On top of that, ground turkey is easy to cook. When preparing it, there’s no need to de-bone or skin the meat. You can also make batches of it all at once. It comes ready to make, straight from the container to the stove. The only prep you’ll need to do is to defrost the ground turkey if you’re taking it out from the freezer.
Ground turkey is also great for taking on the go. It pairs well with whatever side you could want; from sweet potatoes to cauliflower, ground turkey tastes delicious with anything. Additionally, it’s easy to microwave in the workplace, since the smell won’t be strong, like fish. If you’re looking for an easy way to take it with you to work, try our meal prep bags.
Okay, but how will ground turkey help me lose weight?
It’s no surprise that one of the most commonly searched diet related terms on Google is ground turkey meal prep weight loss. Why is that?
It’s the protein! When you eat protein, it keeps your body full for longer, eliminating the urge to eat more. Protein also helps take the place of carbs and fats in food, two things that cause you to gain weight. With these benefits, it’s no wonder ground turkey meal prep for weight loss has become increasingly popular.

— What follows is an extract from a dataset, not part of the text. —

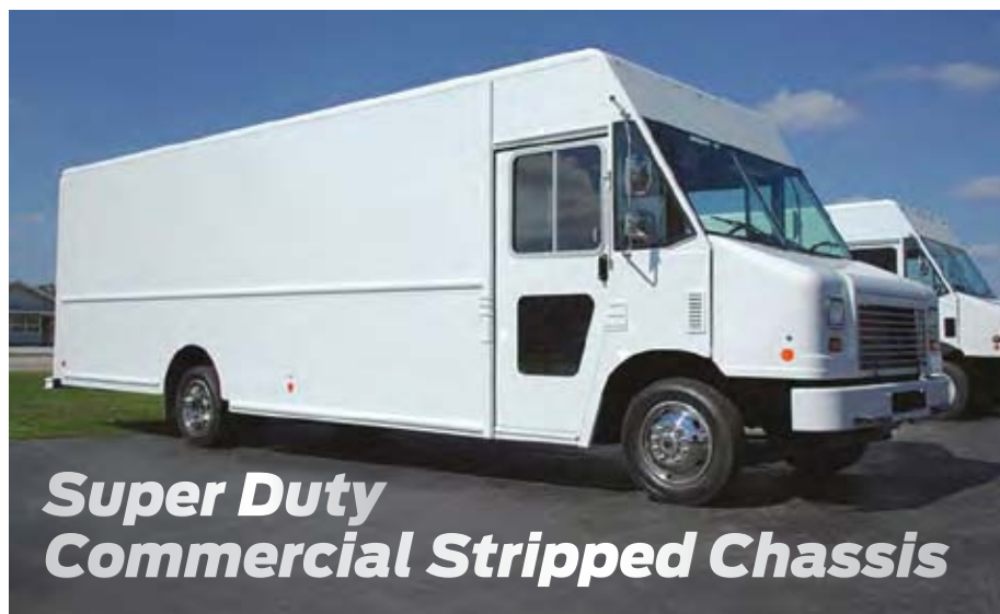
Super Duty Commercial Stripped Chassis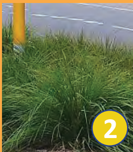
2 Lomandra longifolia 'Breeze' Dwarf Mat Rush

Ground turkey also helps to boost your metabolism. Choline, a chemical that boosts your metabolism, is found in ground turkey. Choline also helps to regulate your muscle control, memory and mood.
What if I’m looking to build muscle mass?
Ground turkey is good for bodybuilding, too. Protein contains amino acids, which is essential when it comes to muscle rebuilding and repair. When you lose weight, you lose both fat and muscle mass. With protein, you’ll burn the fat while still holding on to the muscle that you worked so hard for. This makes it a staple in your refrigerator for all your ground turkey meal prep bodybuilding needs.
However, not all types of ground turkey are made equally. If you’ve ever spent time shopping in the meat section of the grocery store, you may have noticed that there are different types of ground turkey. There’s both white and dark meat, as well as patties and sausages.
On top of that, there’s fresh and frozen, and different options such as 80/20, 93/7, and 99% lean. With all these endless options, it may be a bit difficult to pick the best type of ground turkey.
What’s the difference between these options?
Well, it’s all in what makes them up.
Take the 93/7 option, for example. This pack of fresh ground turkey consists of both white and dark turkey meat. It also contains both the meat and the skin. This means that it will contain more calories and fat than the all-white version. If you’re looking to use ground turkey to meal prep for weight loss, it’s best to avoid this type of ground turkey.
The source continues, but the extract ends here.